What is Celiac Disease?
Celiac disease is an illness in which the inside lining of the small intestine is damaged after eating wheat, rye, oats, or barley.
Celiac disease is a common cause of malabsorption. It is a disease caused by intolerance to gluten. Gluten is a protein found in wheat, rye, and barley. Interance to gluten causes the lining of the intestine to loose its villi. Villi are tiny folds in the intestine that absorb nutrients.
Celiac disease can occur at any age but it often occurs in children. Close relatives of a person with celiac disease have about a 5-10% chance of developing celiac disease themselves.
Celiac disease is also called celiac sprue, gluten sensitive entropathy and non-tropical sprue.
Symptoms of Celiac Disease?
How is Celiac Disease Diagnosed?
Celiac disease is difficult to diagnose in early stages. In later stages, the doctor will examine stool for fat, take an x-ray of the bowel, take a biopsy of the lining of the small intestine and blood tests.

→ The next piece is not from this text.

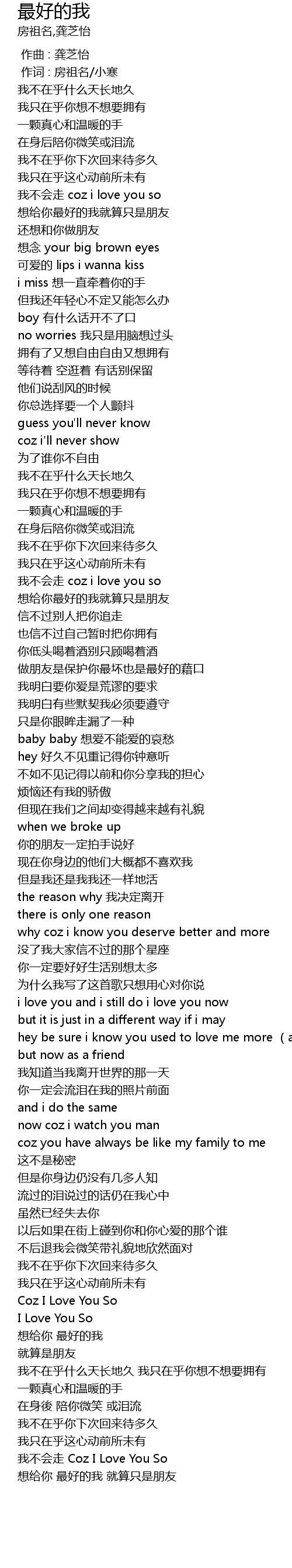 | [00:22.970] | wo bu hui zou coz i love you so |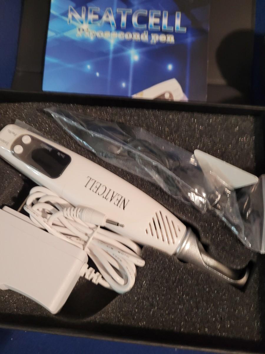 Neatcell blue picosecond pen with 2 pr extra goggles. This did lighten my tattoo, but it is a lot of treatments.

Can Celiac Disease be Treated?
Celiac disease can be treated. The most common treatment options is to eliminate foods from the diet that contain gluten. If the patient is severly malnurished, intravenous fluids may be temporarily given while the gluten-free diet is taking hold.
After the gluten-free diet is started, the villi will regain their normal shape and regain their ability to absorb nutrients. Stools and weight will also return to normal.